**Exercise aim**
When you transcribe the lines below, keep every word the same and leave the pictures behind.

*** Block opens ***

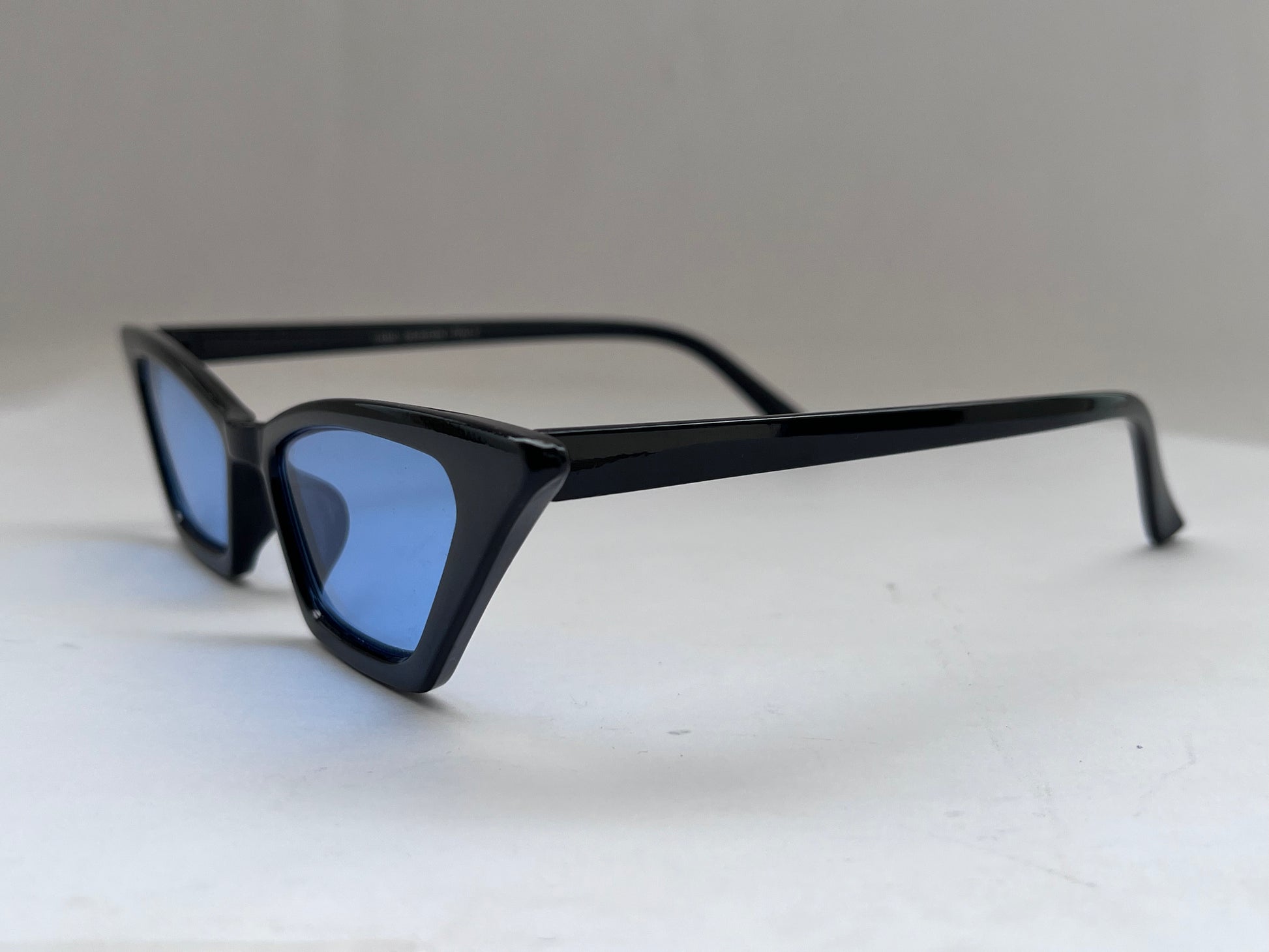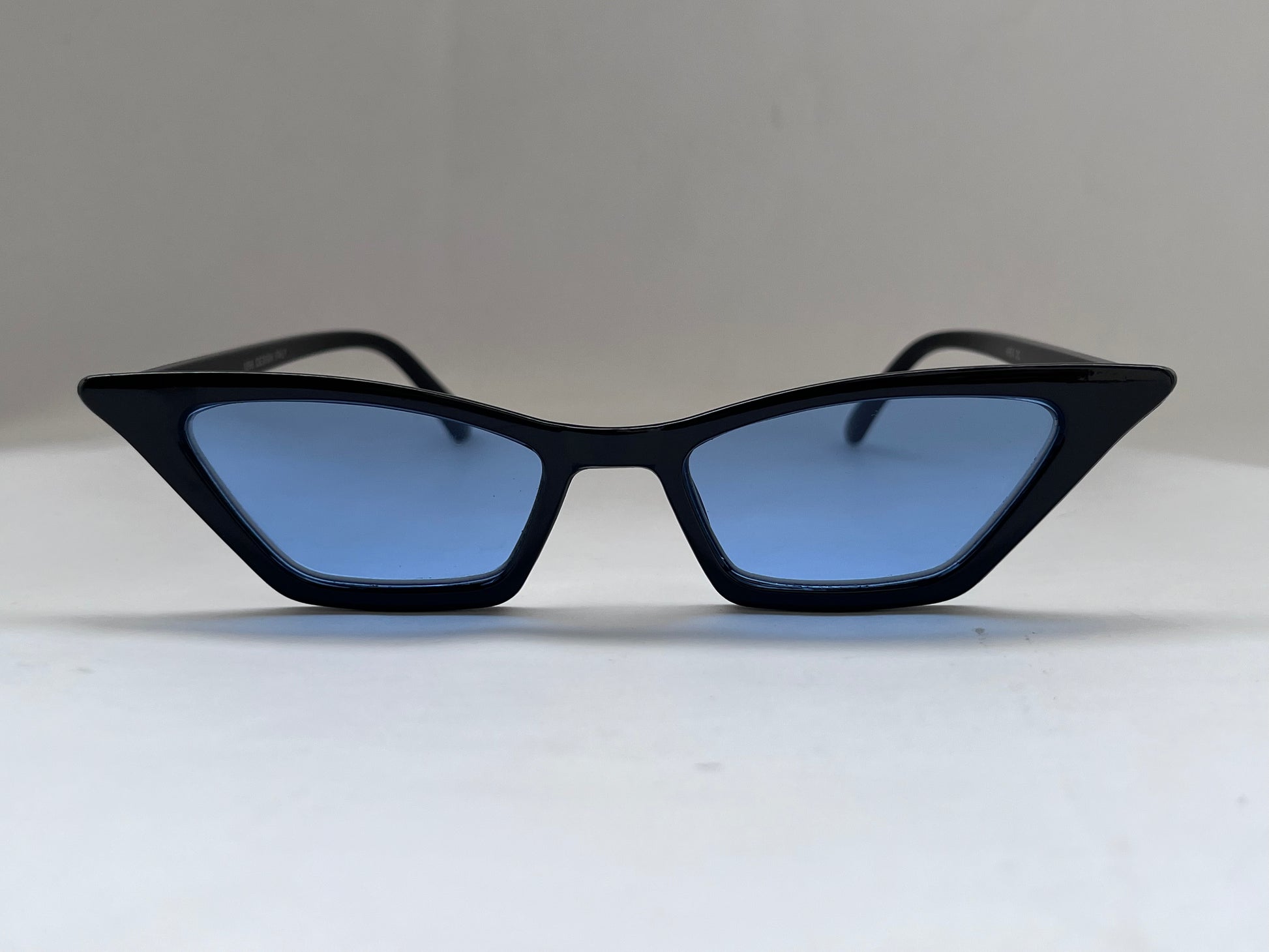Effortlessly sharp and cool – the Blue Fox Shades feature glossy black fox-eye frames with thin temples and blue tinted lenses. A sleek, nonchalant piece that gives instant edge to any look.
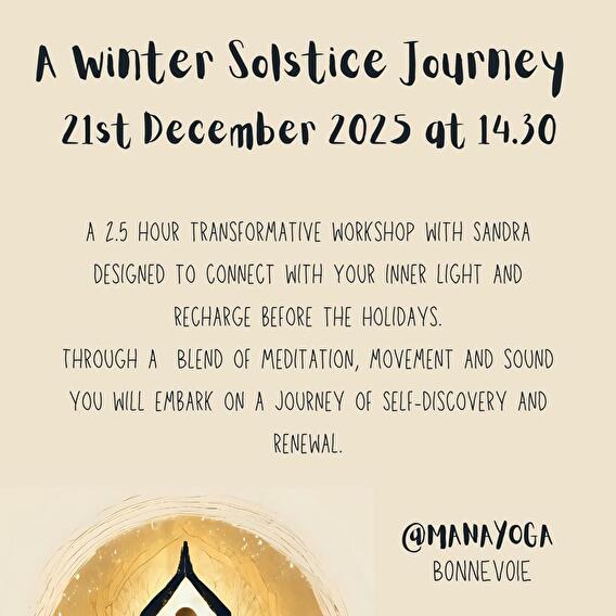 Rejoins Sandra pour un atelier transformateur pensé pour t’aider à te reconnecter à ta lumière intérieure. C’est ton moment pour recharger tes batteries avant Noël. À travers un mélange de méditation, de mouvements de yoga et de sonorités vibrantes, tu embarqueras pour un voyage de découverte de soi et de renouveau.
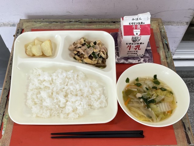 今日の給食では、「豚肉と干しずいきのみそ煮」に使用しています。
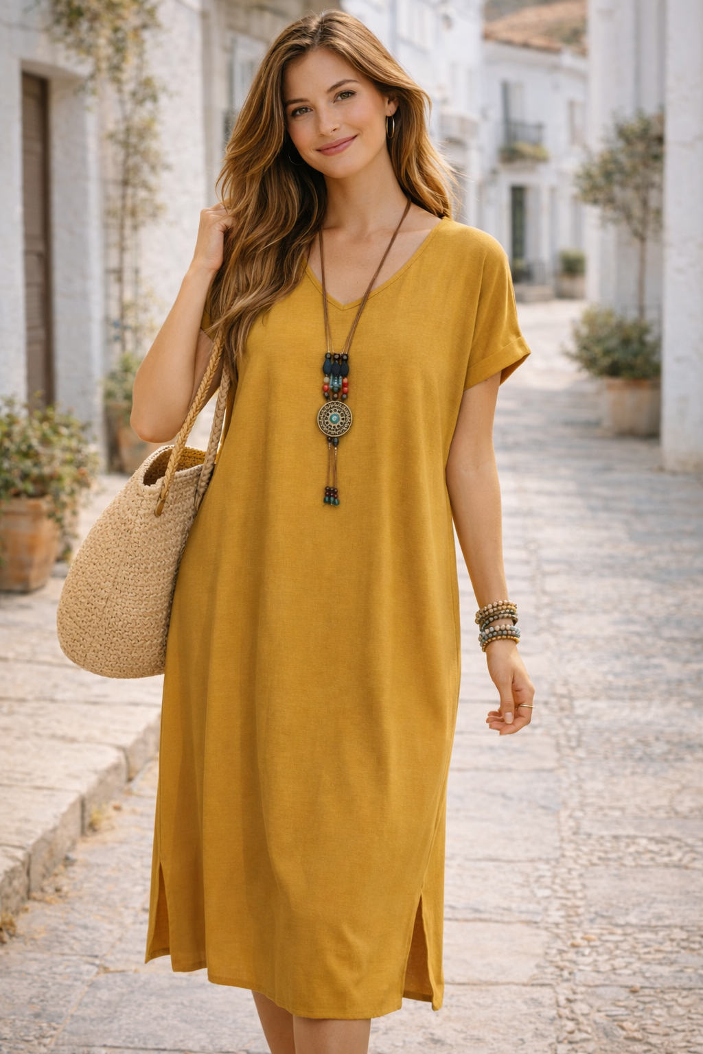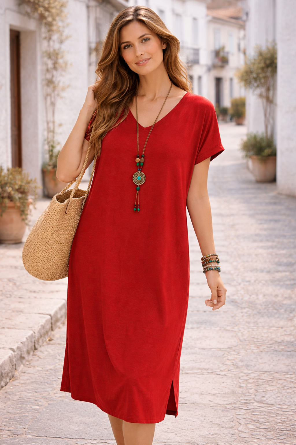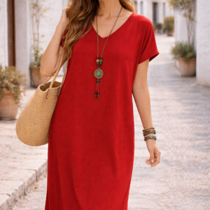 Vestido midi cómodo y elegante para mujer, diseñado con cuello en V, manga corta y corte suelto que brinda frescura y libertad de movimiento. Su tejido ligero lo hace perfecto para el uso diario, vacaciones, paseos o salidas casuales. Un estilo versátil que puedes combinar fácilmente con sandalias, zapatillas o accesorios para lograr un look moderno y relajado. Disponible en varios colores. ✨
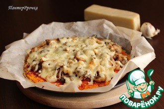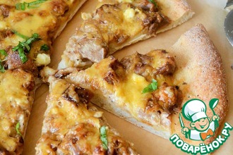 Разложить всю начинку на пиццу, посыпать сыром, сбрызнуть оставшимся растительным маслом. Поставить в разогретую до 200 градусов духовку на 20 минут.
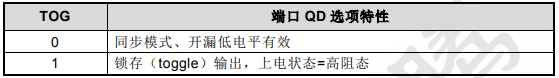 ● TOG 脚位:选择同步输出或锁存(toggle)输出。QD 脚(开漏 NMOS 输出)选项特性
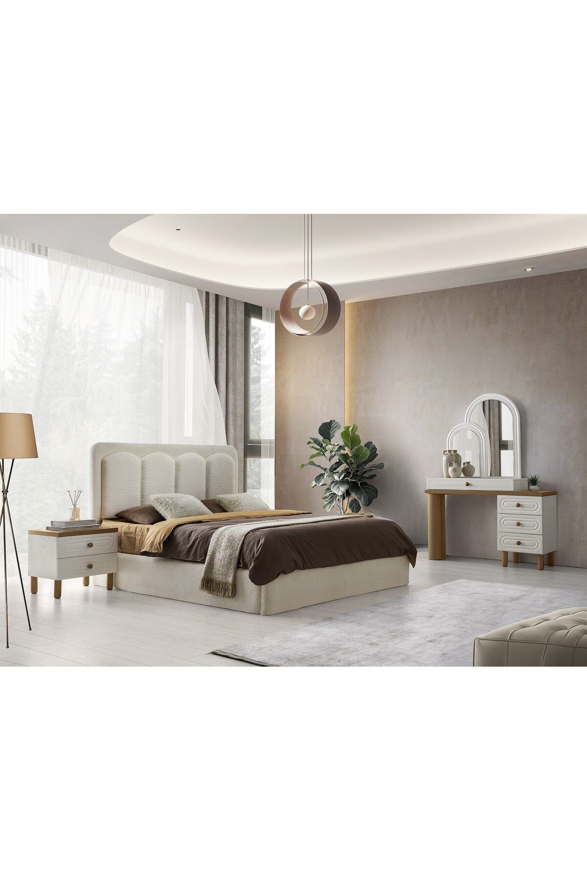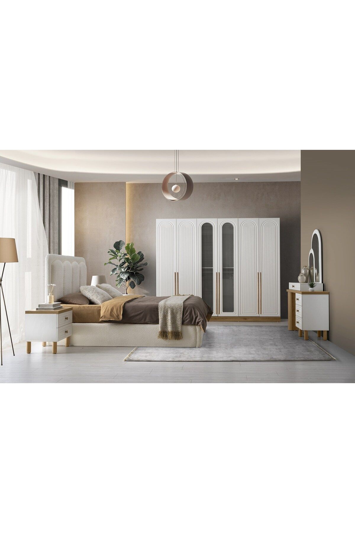 Modern tasarımıyla dikkat çeken yatak odası takımı, şık ve çağdaş bir görünüm sunar; Kapaklı dolap fonksiyonu sayesinde eşyalarınızı düzenli ve tozdan korunaklı bir şekilde saklamanızı sağlar; Set içeriği; bazalı karyola, iki komodin, şifonyer ve gardırop

*** Block closes ***

**Reply to the task**
Effortlessly sharp and cool – the Blue Fox Shades feature glossy black fox-eye frames with thin temples and blue tinted lenses. A sleek, nonchalant piece that gives instant edge to any look.
 Rejoins Sandra pour un atelier transformateur pensé pour t’aider à te reconnecter à ta lumière intérieure. C’est ton moment pour recharger tes batteries avant Noël. À travers un mélange de méditation, de mouvements de yoga et de sonorités vibrantes, tu embarqueras pour un voyage de découverte de soi et de renouveau.
 今日の給食では、「豚肉と干しずいきのみそ煮」に使用しています。
 Vestido midi cómodo y elegante para mujer, diseñado con cuello en V, manga corta y corte suelto que brinda frescura y libertad de movimiento. Su tejido ligero lo hace perfecto para el uso diario, vacaciones, paseos o salidas casuales. Un estilo versátil que puedes combinar fácilmente con sandalias, zapatillas o accesorios para lograr un look moderno y relajado. Disponible en varios colores. ✨
 Разложить всю начинку на пиццу, посыпать сыром, сбрызнуть оставшимся растительным маслом. Поставить в разогретую до 200 градусов духовку на 20 минут.
 ● TOG 脚位:选择同步输出或锁存(toggle)输出。QD 脚(开漏 NMOS 输出)选项特性
 Modern tasarımıyla dikkat çeken yatak odası takımı, şık ve çağdaş bir görünüm sunar; Kapaklı dolap fonksiyonu sayesinde eşyalarınızı düzenli ve tozdan korunaklı bir şekilde saklamanızı sağlar; Set içeriği; bazalı karyola, iki komodin, şifonyer ve gardırop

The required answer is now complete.